Correlation: a correlation capability provides knowledge about root causes of “known” symptoms to the diagnosis modules. Modern systems are often richly instrumented with a large number of sensors that provide large amounts of information in the form of messages and alarms. This flow of information cannot be handled by humans in real-time as a small number of roots causes results in a huge number of messages and alarms. Therefore it is necessary to provide them with concise and aggregate notifications of underlying root causes. Correlation is the process of recognizing and organizing groups of events that are related each other.
Testing: in large software systems, it is impractical (and sometime impossible) to monitor every variable. Instead key observable variables are monitored to generate symptom events. Diagnostic inference typically identifies a set of suspected root causes. A test planning facility is needed to select additional variables to be examined to isolate the root causes. The fault management application then needs to request or run these tests, and utilizes their results to complete the diagnosis. A test, as originally defined in , can incorporate arbitrarily complex analysis and actions, as long as it returns a true or false value.

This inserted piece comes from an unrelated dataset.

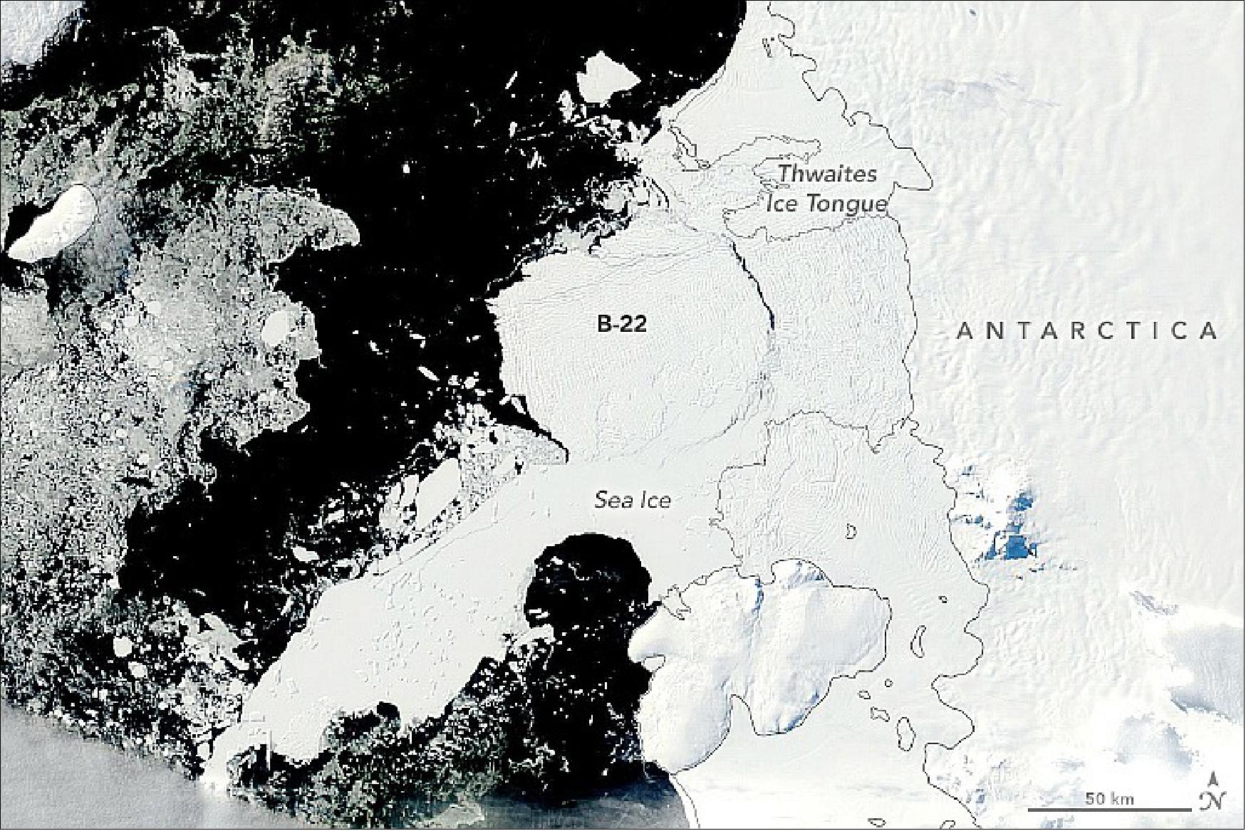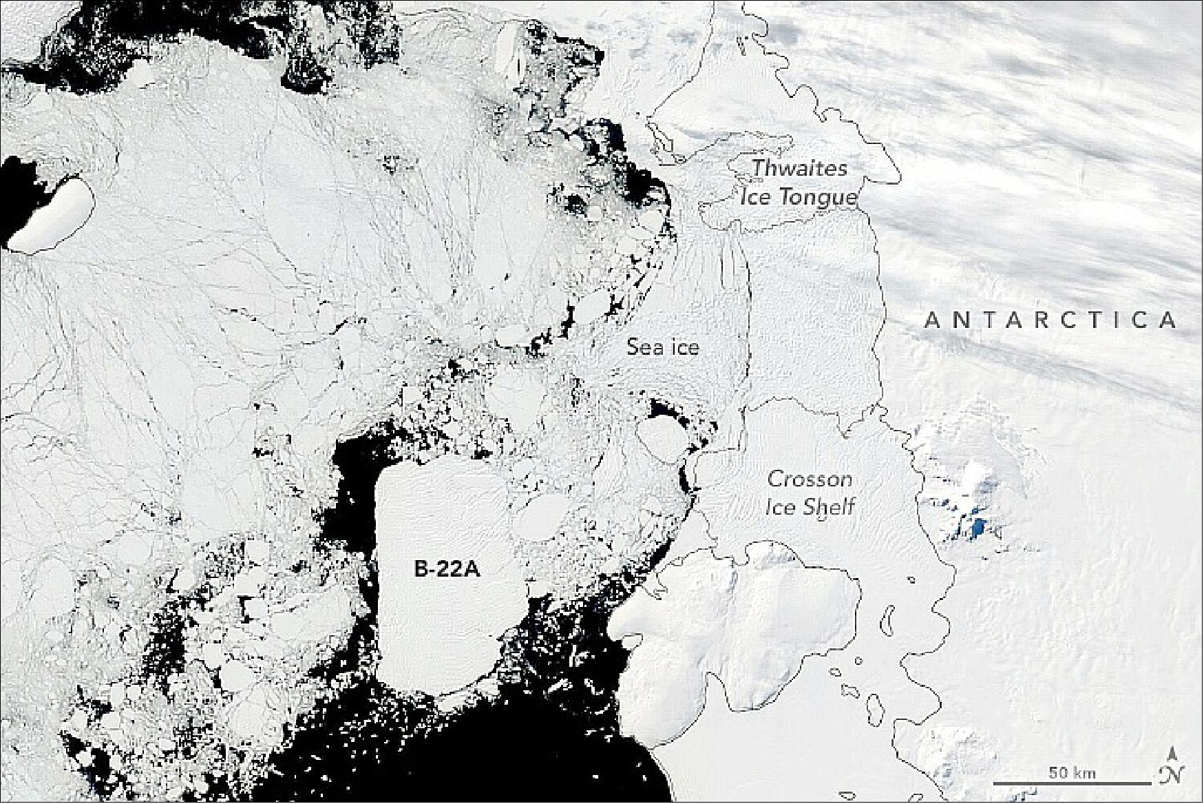 • March 1, 2022: The journey of every Antarctic iceberg is unique. Some drift many thousands of kilometers in the Southern Ocean before disintegrating and melting away. Others, like Iceberg B-22A, stay closer to home. In the span of 20 years, B-22A has strayed just 100 km (60 miles) from its birthplace, the floating ice tongue of Thwaites Glacier. 23) Studies have shown that the grounded iceberg plays an important role in stabilising sea ice in the area. In some years, a band of landfast sea ice has anchored to the iceberg and ice tongue. This landfast ice is thought to help buttress the Thwaites ice tongue and ice shelf, slowing the flow of ice toward the sea.

Automated recovery: identifying and automating recovery procedures facilitate rapid response to problems and allow for growth in equipment, processes, and services, without increasing the supervisory burden on system operators. The automation in recovery decreases the response time to an error and thus decreasing the probability that it may cause a proper system failure.
Notification: system operators require notifications of all critical fault management activity, especially the identification of root causes, and causal explanations for alarms, tests, and repair actions in a manner that they can follow easily. Sometimes they need to distinguish between what is observed by system sensors versus what is inferred by the underlying fault management application.
Postmortem: information from diagnostic problem solving is fed back to the fault management system for historic record keeping in order providing enough data for offline failure analysis to discover some of the mappings between failures and their root cause. It is important to underline that this analysis is different than the offline analysis to discover failure patterns. Failure patterns and relationships between failures and the root cause are orthogonal concepts even if some relationships between failures and faults can form a failure pattern. That's because failures are not caused just by errors or faults but also by system configurations and human interaction patterns.
Online system topology update: in an ATC system the reactive fault manager should support expert systems for effective diagnosis of root causes of system errors and that the expert system uses a knowledge base to infer the right diagnosis. The knowledge base as a module can be replaced or connected to another knowledge base. Other components can be completely removed or added. All this dynamic changes need to be done at run-time. It may not be feasible indeed to take the fault management system off-line each time that there is a change in the system topology.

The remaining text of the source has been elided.